Du côté de la demande, les algorithmes permettent d'adopter deux types de stratégies tarifaires (COUSIN, L’algorithme au service de la politique tarifaire : Nouvelle pratiques, nouveaux risques ?, Concurrences 4/2017 ; NOUEL de BUZONNIERE et PFISTER, Algorithmes tarifaires et personnalisation des prix : Quelles implications pour la concurrence ?, Ibid., SAUTEL, Personnalisation tarifaire à l’heure des big data : Quel éclairage de la théorie économique ?, Ibid.) : i) la fixation de prix personnalisés, déterminés eu égard à la disposition du client à s’acquitter d’un certain niveau de prix, elle-même identifiée grâce à la collecte d’informations sur ses habitudes de consommation, son lieu de résidence, l’utilisation de dispositifs de fidélisation, …) ; ii) la fixation de prix dynamiques, adaptés en temps réel aux conditions actuelles du marché (par ex. le yield management) (Le “yield management” ou “pratique de gestion fine des tarifs” consiste, “pour un prestataire de services dont l’offre est par nature non stockable (périssable) et limitée, à maximiser son revenu en faisant varier le prix d’une même prestation, en fonction de critères tels que la demande des consommateurs ou le taux de remplissage”. - V. Avis CNC, Pratiques de gestion fine des tarifs ou yield management et information du consommateur, BOCCRF 7 février 2020.). Ces pratiques, discriminatoires, demeurent néanmoins très marginales, comme l’a montré la Commission dans son rapport final sur le commerce électronique.
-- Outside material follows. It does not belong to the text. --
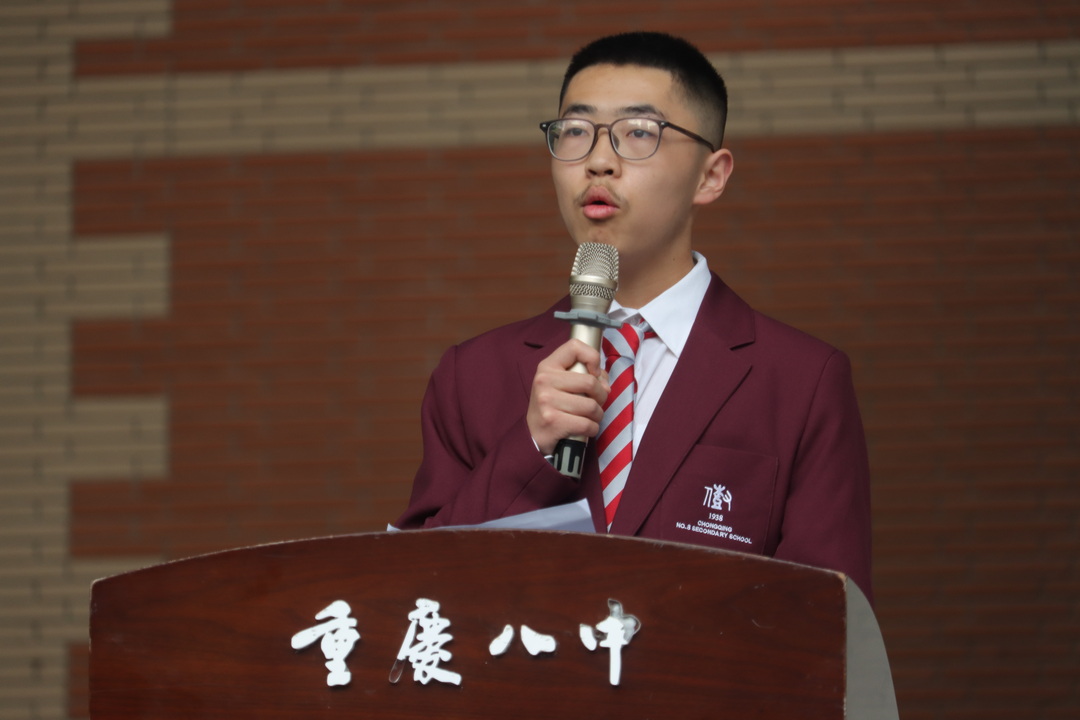 2025年4月21日,重庆八中沙坪坝校区第十周朝会顺利进行,此次朝会旨在引导同学们科学备考,以良好的心态迎战半期考。本次朝会由高2026级31班陈卓同学主持。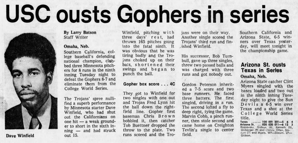 So let’s remember this classic game against Minnesota in 1973. USC trailed 7-0 entering the ninth inning and scored eight runs to win, 8-7, in a semifinal game.

L’utilisation d’algorithmes peut enfin constituer, dans certaines circonstances, un abus de position dominante. L’exploitation d’algorithmes est susceptible de conférer en soi à une entreprise un certain pouvoir de marché : d’abord, parce que le développement d’un tel outil implique de lourds coûts d’investissements et que l’entreprise qui y recourt, doit disposer de ressources suffisantes pour ne pas se heurter à cette barrière à l’entrée ; ensuite, parce qu’un algorithme permet de collecter un très grand volume de données, dont le contrôle de l’accès peut conduire l'entreprise dominante à adopter certains comportements abusifs (refus d’accès ou de fourniture d’informations essentielles, menace de déréférencement, conditions de transaction inéquitables, etc.). Un autre comportement abusif pourrait consister à imposer des prix excessifs, prédateurs ou discriminatoires fixés par algorithme.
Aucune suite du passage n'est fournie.